Cambios en la menopausia – La menopausia no es clausura, es reinvención
Íntimo con Virginia Argüelles y la Dra. Edelmira Cárdenas
Glory Days: los años gloriosos también llegan en otoño
Porque los años de la menopausia pueden ser gloriosos. No porque no haya pérdidas —que sí existen—, sino porque también hay ganancias que antes no estaban disponibles.
En Íntimo, conducido por Virginia Argüelles, la conversación con la Dra.
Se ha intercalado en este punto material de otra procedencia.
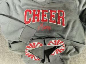 Support your kids by showing team spirit for their Cheer sport with this cute Cheer Mom Or Cheer Mama applique! Can also use heat Press Vinyl from Siser
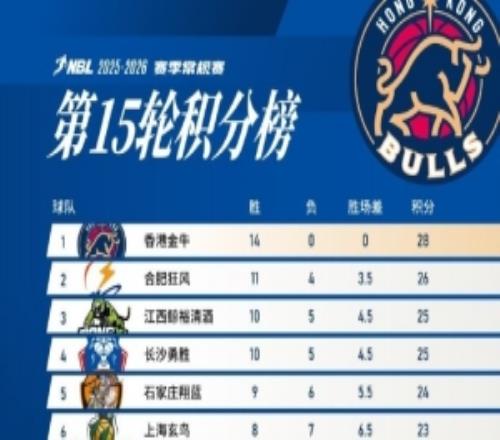 NBL常规赛第15轮战罢,香港金牛在少赛一场的情况下,凭借14连胜的战绩,积28分继续位列积分榜首位,也仍是联盟唯一...
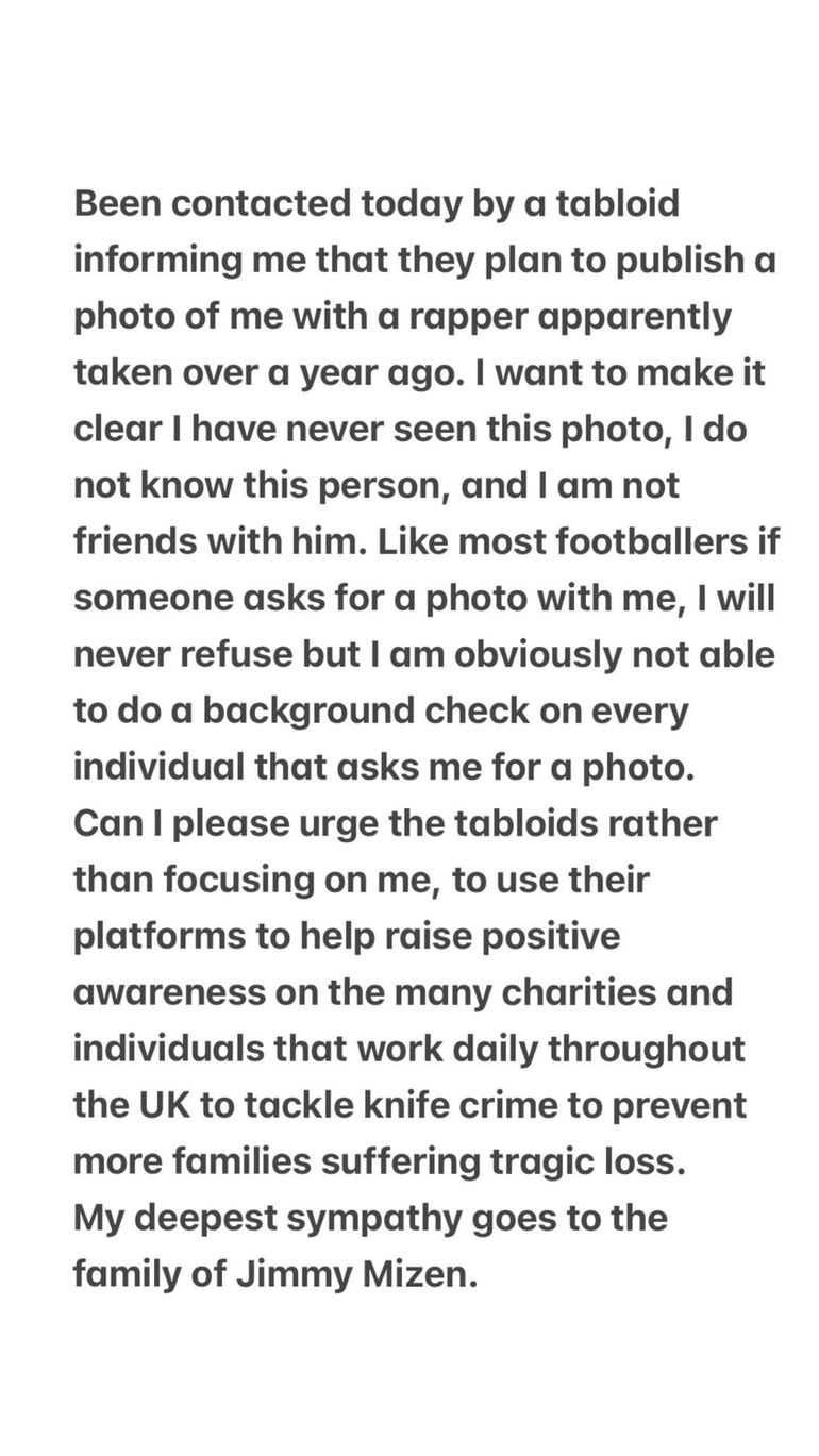 “Like most footballers, if someone asks for a photo with me, I will never refuse but I am obviously not able to do a background check on every individual that asks me for a photo.
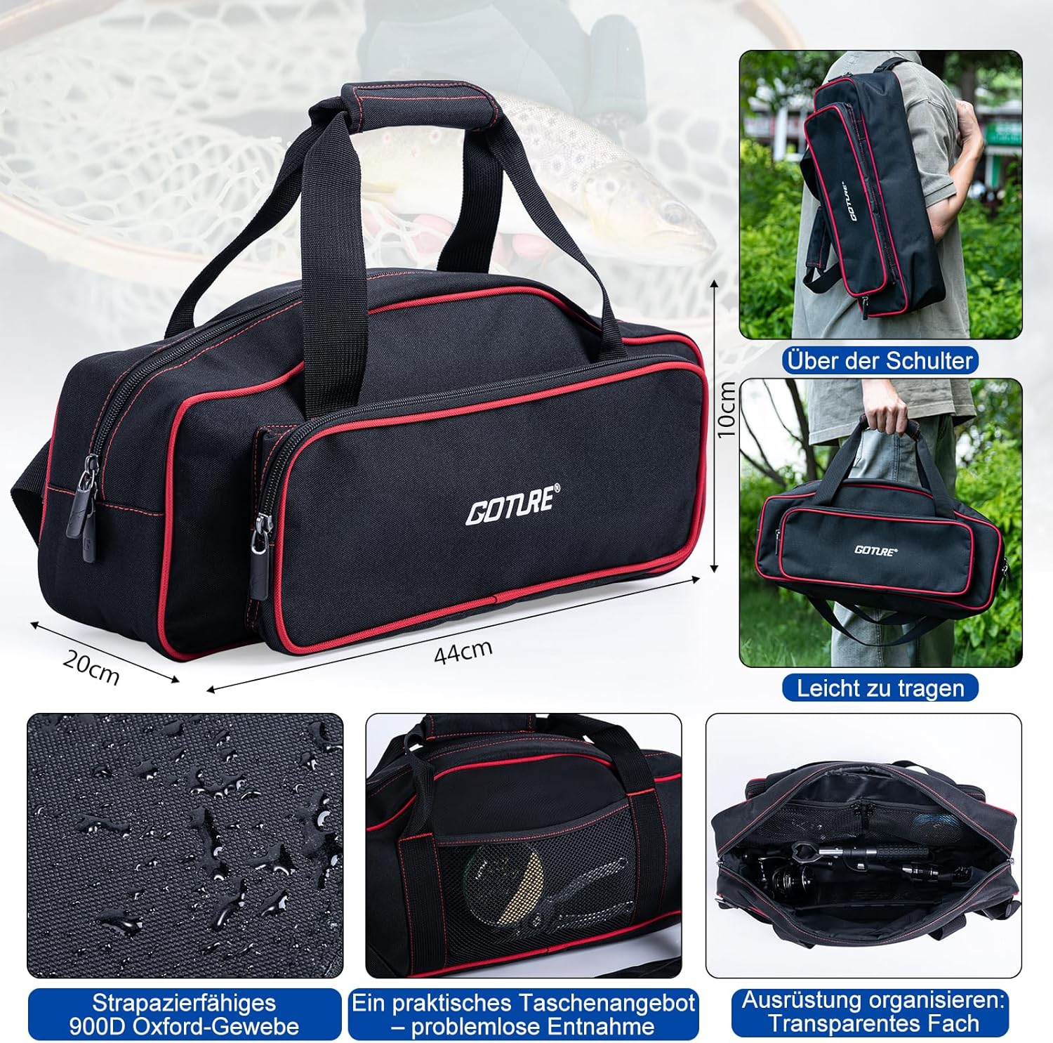 - Inklusive 900D-Tragetasche: Die mitgelieferte Angeltasche aus spritzwasser- und abriebfestem 900D-Oxford-Gewebe ist praktisch und kann in der Hand oder über der Schulter getragen werden. Gepolsterte Griffe und verstellbare Gurte sorgen für hohen

Edelmira Cárdenas pone sobre la mesa una idea contundente: Nos han ido clausurando por etapas.
Primero la menstruación como tragedia.
Luego el embarazo como advertencia.
Y ahora la menopausia como sentencia.
Pero ¿y si el otoño no fuera decadencia, sino transformación consciente?
El decreto social: “Resígnate”
Culturalmente hemos aprendido a leer la vida femenina como estaciones:
- Primavera: juventud, deseo, energía.
- Verano: plenitud, pareja, hijos.
- Otoño: caída, pérdida.
- Invierno: silencio, cierre.
El problema no es la metáfora.
El problema es el juicio.
Sí, el climaterio trae cambios reales:
- Disminución de masa muscular.
- Alteraciones hormonales.
- Baja de lubricación.
- Cambios en el deseo.
- Transformaciones corporales.
Negarlo sería irresponsable.
Pero convertirlo en tragedia es cultural.
Lo que nadie dice: también hay ganancias
Virginia lo expresa con claridad: ahora muchas mujeres pueden trabajar en sus propios proyectos de vida.
Antes, la energía estaba enfocada en:
- Sacar adelante a los hijos.
- Acompañar pendientes familiares.
- Sostener dinámicas de pareja.
Hoy, con los hijos creciendo o fuera de casa, surge una pregunta poderosa:
¿Qué quiero yo ahora?
Incluso la pareja se redefine. Algunas mujeres se reencuentran con su compañero. Otras deciden separarse. Y sí, las separaciones aumentan entre los 50 y 60 años.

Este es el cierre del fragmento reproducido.